= Non-philosophy =

Concept by François Laruelle

Non-philosophy (non-philosophie) is a concept popularized by French philosopher François Laruelle.

==Precursors==
German philosopher Adolph Carl August von Eschenmayer developed an early approach to philosophy called non-philosophy (Nichtphilosophie). He defined it as a kind of mystical illumination by which was obtained a belief in God that could not be reached by mere intellectual effort. He carried this tendency to mysticism into his physical researches, and was led by it to take a deep interest in the phenomena of animal magnetism. He ultimately became a devout believer in demoniacal and spiritual possession; and his later writings are all strongly impregnated with supernaturalism. Laruelle sees Eschenmayer's doctrine as a "break with philosophy and its systematic aspect in the name of passion, faith, and feeling".

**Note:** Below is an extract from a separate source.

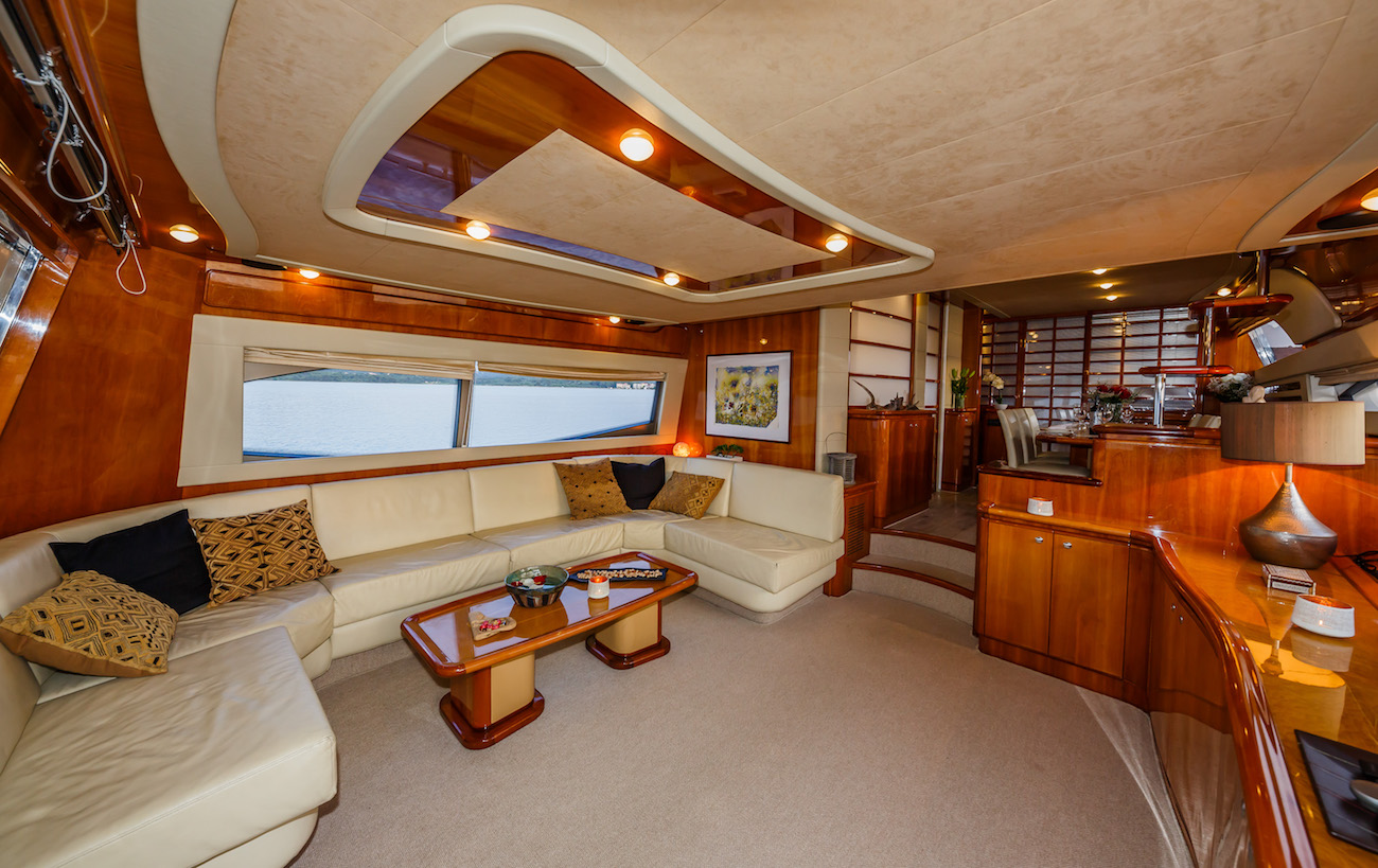She was built by the Italian shipyard Ferretti with naval architecture and interior design by their in-house team of professionals. Accommodation on board is offered for up to eight guests in a four-cabin layout.

Japanese Kyoto school philosopher Hajime Tanabe advanced another early notion on non-philosophy in his 1945 tome Philosophy as Metanoetics. Drawing on his earlier studies of Western philosophy, Hajime took inspiration from Shin Buddhism to conceive of "a philosophy that is not a philosophy" in which the limitations of speculative reason would be recognized and transcended, avoiding both idealism and materialism. Hajime emphasized this non-philosophy ("metanoetics") as defined not by the "self-power" of the philosopher but by a mediating "Other-power" (or "absolute nothingness") through which philosophizing could be newly possible.

==Non-philosophy according to Laruelle==
Laruelle argues that all forms of philosophy (from ancient philosophy to analytic philosophy to deconstruction and so on) are structured around a prior decision, and remain constitutively blind to this decision. The 'decision' that Laruelle is concerned with here is the dialectical splitting of the world in order to grasp the world philosophically. Examples from the history of philosophy include Immanuel Kant's distinction between the synthesis of manifold impressions and the faculties of the understanding; Martin Heidegger's split between the ontic and the ontological; and Jacques Derrida's notion of différance/presence. The reason Laruelle finds this decision interesting and problematic is because the decision itself cannot be grasped (philosophically grasped, that is) without introducing some further scission.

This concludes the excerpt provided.